* **EXERCISE**: These records contain pictures, which must be left out; copy exactly the lines from the one with "张之敬介绍,此前国内外采用的" up to and including the one with "MAHARDIKA GROWTH PROGRAM (MGP) BATCH".

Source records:
# # #

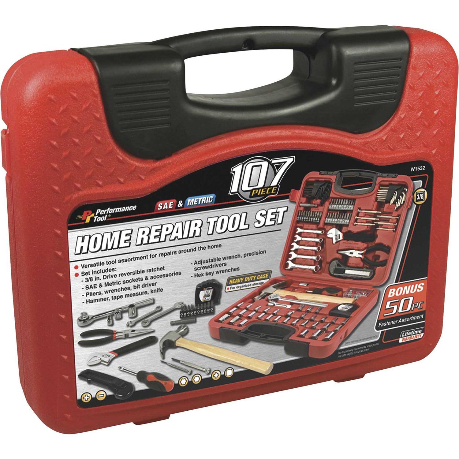 The Performance Tool 107 Piece Home And Auto Tool Set provides all of the essential tools needed for repairs around your house and garage. This set has SAE and metric sockets and accessories.
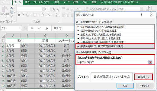 「数式を使用して、書式設定するセルを決定」を選択します。「次の書式を満たす場合に値を書式設定」の入力欄に「=$D2="完了"」と入力します。次に「書式ボタン」を押します。
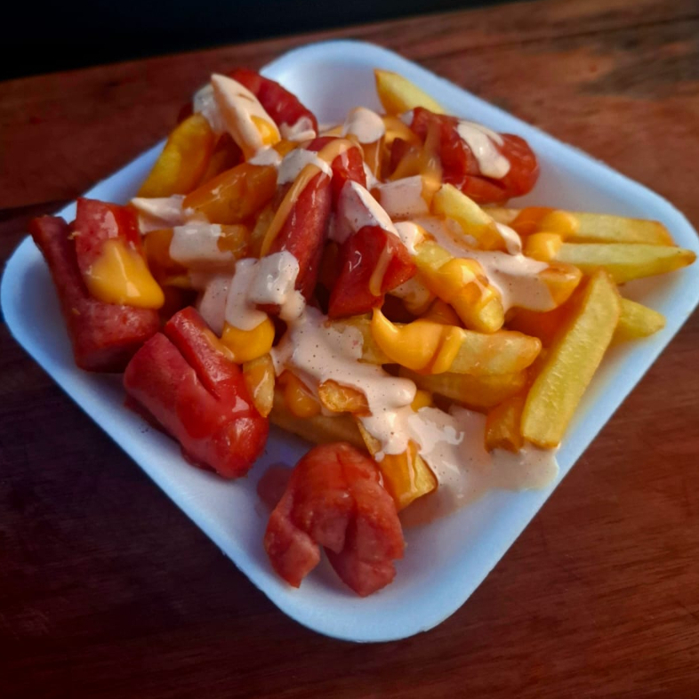 Salchichas cortadas en forma de pulpo con papas a la francesa y aderezos
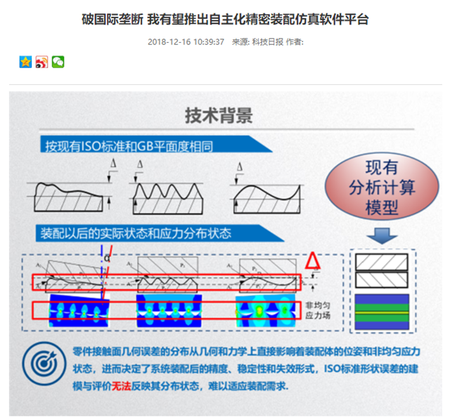 张之敬介绍,此前国内外采用的三维建模和仿真计算方法,由于缺乏对相关机理的突破,均未考虑零部件加工误差、表面质量、装配误差及装配工艺参数等因素对系统装配精度的影响,都是通过传统商用的三维设计软件平台采用理想尺寸加偏差尺寸所构成的模型进行仿真,这导致装配性能仿真及工艺优化参数误差和不确定性过大,无法定量指导装配工艺过程。而综合材料等方面的差距,更成为了制约我国若干关键领域仪表精度及稳定性提升的重要瓶颈。
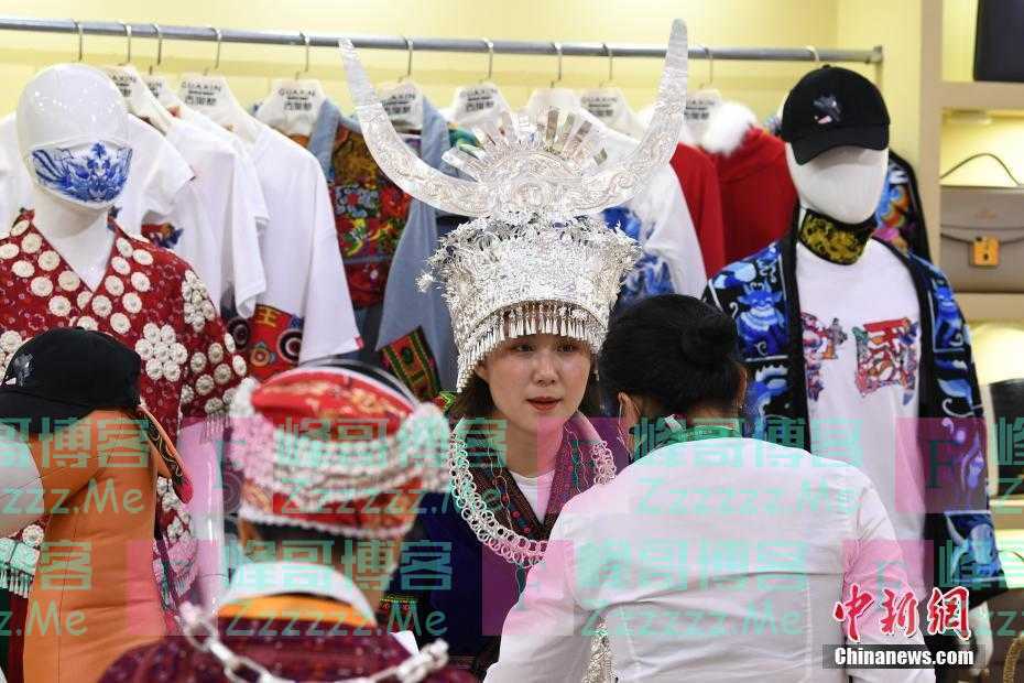 本文转自【中国新闻网】; 一名参展商身着苗族传统服饰向参观者推介产品。 中新社记者 崔楠 摄
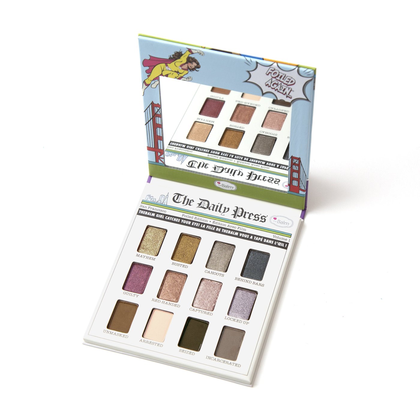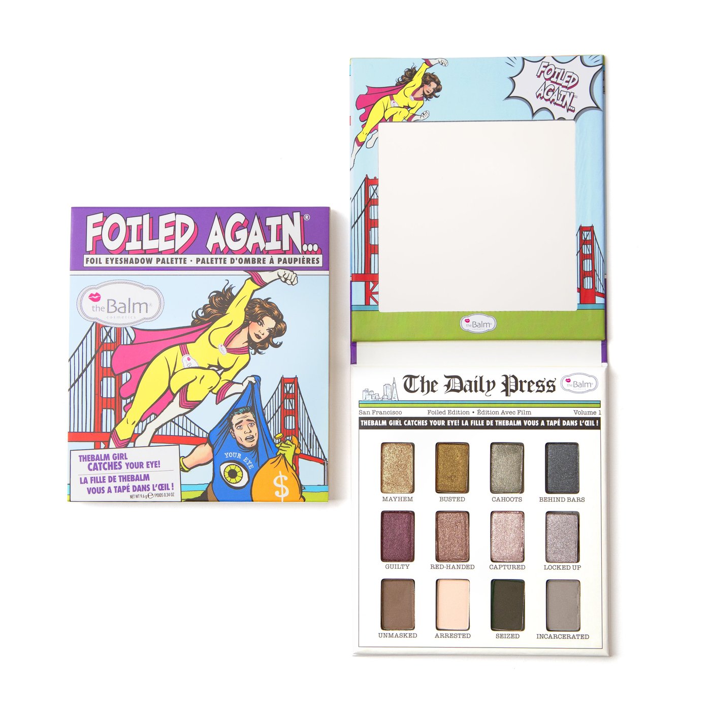Kapow och wow med vår slående ögonskuggaspalett! Foiled Again … har en samling av 12 mix-and-match skuggor, matta och skimrande nyanser som kan appliceras torra eller våta för extra färg. Dessa super(hjälte)nyanser kommer säkert att fånga någons öga, bokstavligen.
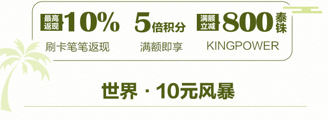 2017年9月1日-11月30日期间,持卡人报名成功当日起于泰国、马来西亚线下刷招商银行个人信用卡(银联线路),累计满3000元人民币,即可享受5倍永久积分奖励(1倍原始积分+4倍奖励积分),活动期间每户最高可获5000奖励积分。
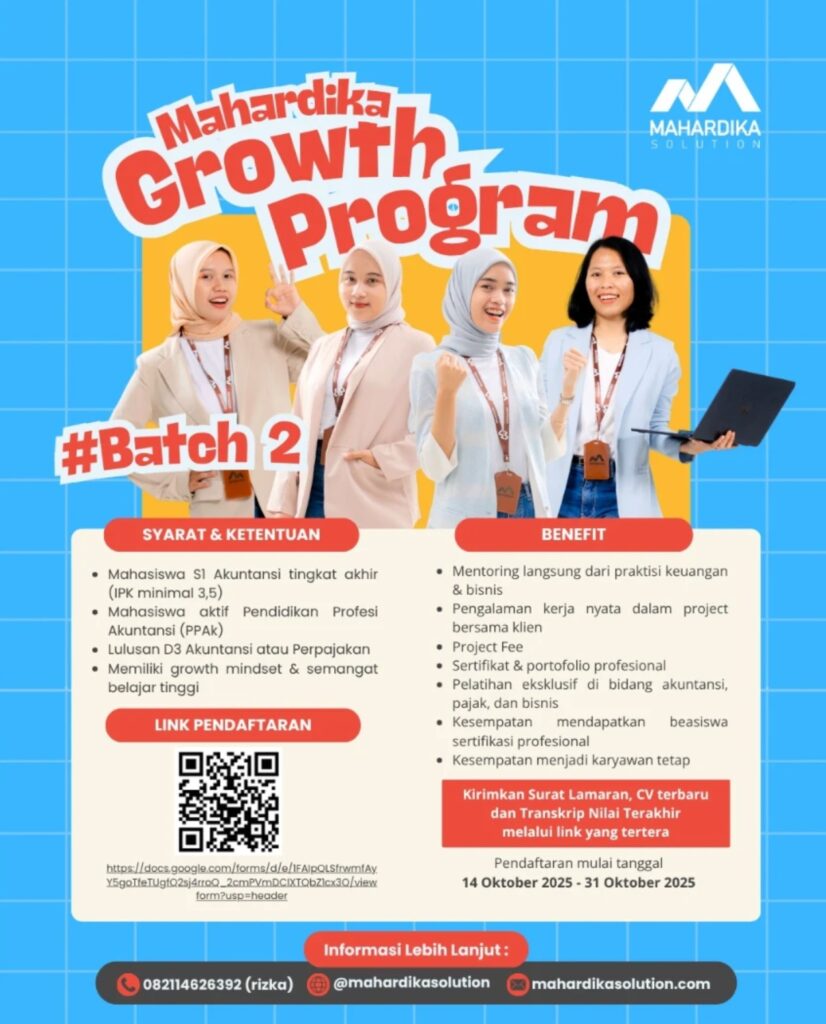 MAHARDIKA GROWTH PROGRAM (MGP) BATCH 2 SUDAH DIBUKA!!! 🌟 Paid Internship & Mentoring 🌟 MAHARDIKA GROWTH PROGRAM (MGP) adalah program paid internship dan mentoring profesional dari Mahardika Solution yang dirancang untuk membekali peserta dengan keterampilan praktis di bidang akuntansi, pajak, keuangan, dan sistem informasi bisnis. Dapatkan pengalaman langsung, fee per project, serta akses ke pelatihan […]
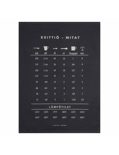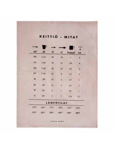 The Liitu kitchen towel is made of 100% organic cotton. The cotton is pleasantly soft and a very absorbent material. The towel has printed kitchen measurements converted into different measurement units used in various nationalities. It is easy for you to check how much the recipe's Fahrenheit temperature is in Celsius or how much 1 cup is in deciliters.
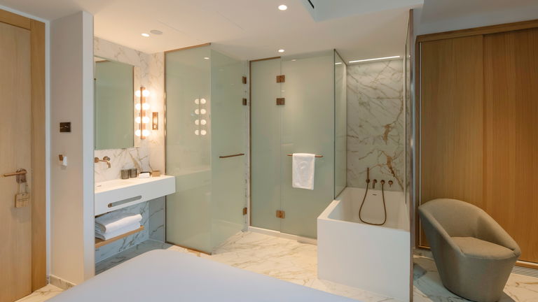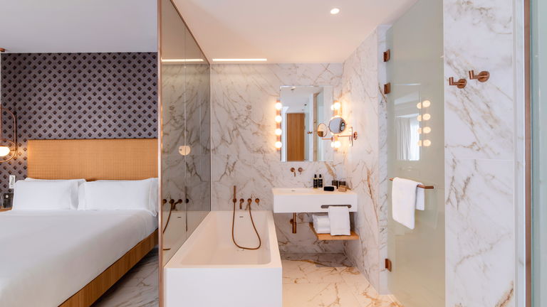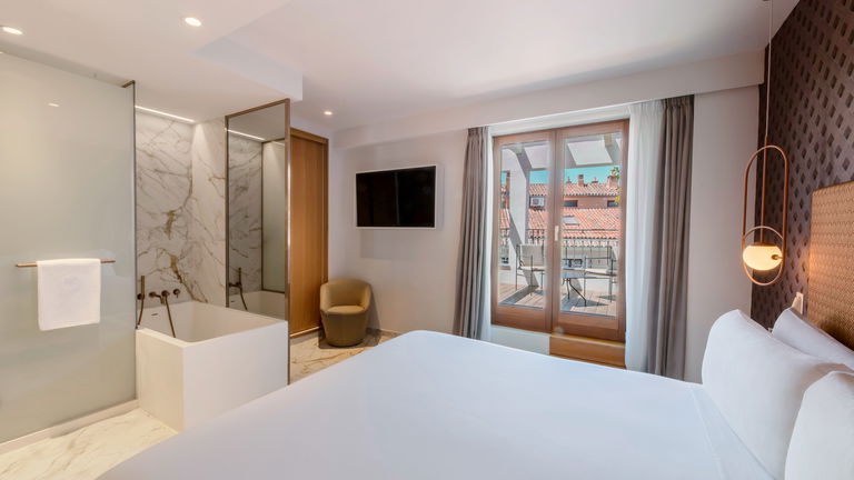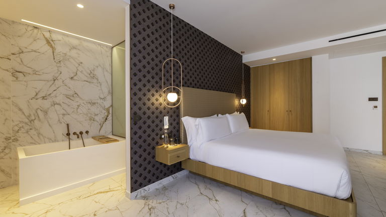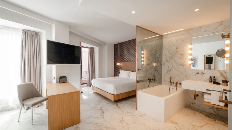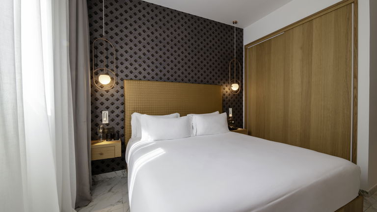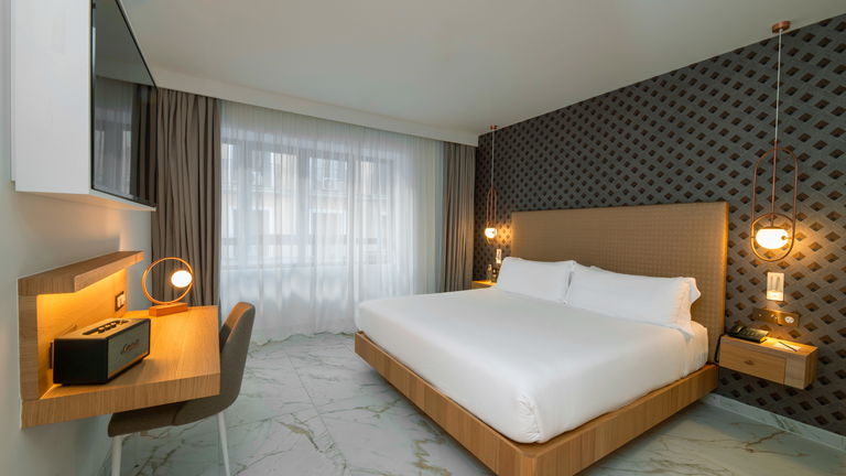 El hotel cuenta con 130 habitaciones y suites premium, dos elegantes vestíbulos, un restaurante, una piscina exterior, un gimnasio y una terraza con vistas panorámicas al skyline madrileño. Los huéspedes también disfrutan de acceso directo al histórico Teatro Albéniz, un edificio de gran valor arquitectónico y cultural. Además, el hotel ofrece espacios de reuniones ideales tanto para eventos de negocios como para celebraciones sociales. Para los amantes de la música, el hotel también dispone de una cuidada biblioteca de vinilos, ofreciendo una experiencia musical única.

# # #

* **OUTPUT BELOW**:
 张之敬介绍,此前国内外采用的三维建模和仿真计算方法,由于缺乏对相关机理的突破,均未考虑零部件加工误差、表面质量、装配误差及装配工艺参数等因素对系统装配精度的影响,都是通过传统商用的三维设计软件平台采用理想尺寸加偏差尺寸所构成的模型进行仿真,这导致装配性能仿真及工艺优化参数误差和不确定性过大,无法定量指导装配工艺过程。而综合材料等方面的差距,更成为了制约我国若干关键领域仪表精度及稳定性提升的重要瓶颈。
 本文转自【中国新闻网】; 一名参展商身着苗族传统服饰向参观者推介产品。 中新社记者 崔楠 摄
Kapow och wow med vår slående ögonskuggaspalett! Foiled Again … har en samling av 12 mix-and-match skuggor, matta och skimrande nyanser som kan appliceras torra eller våta för extra färg. Dessa super(hjälte)nyanser kommer säkert att fånga någons öga, bokstavligen.
 2017年9月1日-11月30日期间,持卡人报名成功当日起于泰国、马来西亚线下刷招商银行个人信用卡(银联线路),累计满3000元人民币,即可享受5倍永久积分奖励(1倍原始积分+4倍奖励积分),活动期间每户最高可获5000奖励积分。
 MAHARDIKA GROWTH PROGRAM (MGP) BATCH 2 SUDAH DIBUKA!!! 🌟 Paid Internship & Mentoring 🌟 MAHARDIKA GROWTH PROGRAM (MGP) adalah program paid internship dan mentoring profesional dari Mahardika Solution yang dirancang untuk membekali peserta dengan keterampilan praktis di bidang akuntansi, pajak, keuangan, dan sistem informasi bisnis. Dapatkan pengalaman langsung, fee per project, serta akses ke pelatihan […]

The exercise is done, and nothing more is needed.